We moved the mill in but there was an incident moving the lathe. I hired a chap to move it and short story, he dropped it. He hadn't moved machinery before, which become evident quickly and he was trying to drag it along my wooden garage floor with his crane and a rope tied to the bed. Any person with half a brain could have seen that if you try to pull something that is top heavy from its top it will fall over! Unfortunately I wasn't paying close enough attention to him to stop him. I should have said something when he tried to sling around the lead screws but he got annoyed when I suggested a better way so I tried to stay out of his way, figuring he probably knew what he was doing. There is a lesson there. the damage isn't too bad, a bent lead screw and few broken hand wheels, which I should be able to get spares for. I am slightly worried that there might be more extensive damage to the bed, like a crack but it seems to slide the same and it is not misaligned. After he dropped it he had the nerve to say that it was my fault because I should have been there supporting it as it fell over.

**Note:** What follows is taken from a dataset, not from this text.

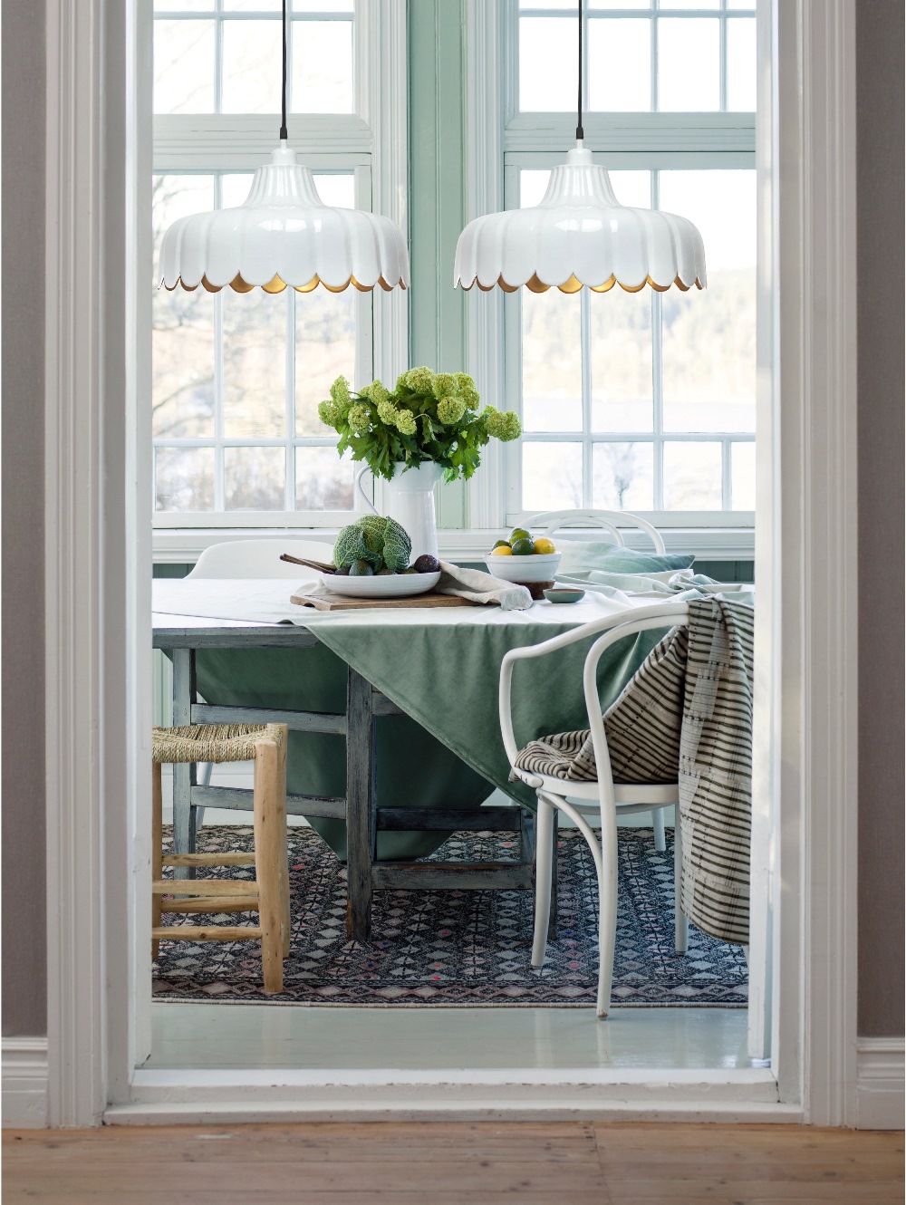 Taklampa Wells från PR Home har en handgjord design med charmiga detaljer i vit metall och en varm guldfärgad insida. Den vackra formen är hämtat från en blomma och har en romantisk och härlig design. Höjd 29 cm och bredd och djup 45 cm. Wells levereras med en 1,6 meter svart plastsladd med vit takkopp för krokupphäng. Till taklampan rekommenderas en ljuskälla med E27 sockel, max 25W. Ljuskälla ingår ej.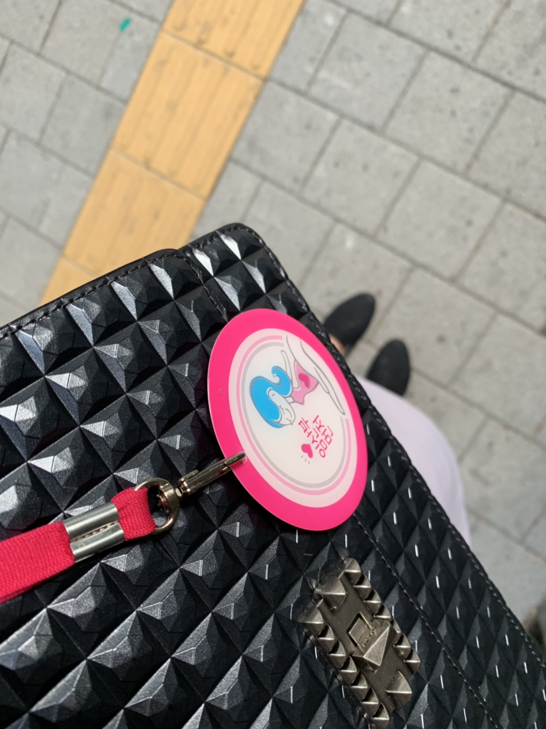 출근길: x. 하지만 그자리에 다른 임산부가 앉아있었다. 가방에 매달린 핑크뱃지를 봄!

I told him if I had I would be underneath it. He diffident have in insurance and I doubt that even if I took him to the small claims tribunal and won, he would have any money to give me. I have definitely learnt a valuable lesson. The thing that is most annoying is that I will be without  a lathe for months. One of the good thing about being in an industrial area is that everything you need is close by. We borrowed the neighbours forklift to move the mill in.

I am close to getting my peroxide concentrator up and running. I have built and tested a prototype sparging setup and have all the parts for a second version. I decided to peruse two methods for concentrating, sparging, and vacuum evaporation. I haven't started work on the vacuum setup but will start after the sparger is up and running. I decided to try a vacuum method to see if I could avoid some of the losses ascoaited with heating the peroxide for sparging. I have a really nice oil free vacuum pump/compressor which should be good for both setups. because the concentrated peroxide doesn't have a good shelf life I plan on storing it frozen or in a fridge. I have so far only been sparging water as I don't currently have a space clean enough that I would feel comfortably handling peroxide in.

We moved the test stand to the workshop on the weekend, and we are currently getting it ready for another test. All that really needs doing from a mechanical perspective is replacing the actuated valves with solenoids, and calibrating the flow rate with needle valves installed before the valves. The software needs a bit more work. I am a bit torn between getting  the engine I spent a long time working on running and getting peroxide production going. I guess I should probably finish what I start, before moving on to new things.

1 comment:

  1. Basically everyone who has gotten into purifying peroxide in small batches for rockets have eventually blown up their setup, and sometimes themselves. Keep that in mind, and design it for *when* it blows up, not *if* it blows up.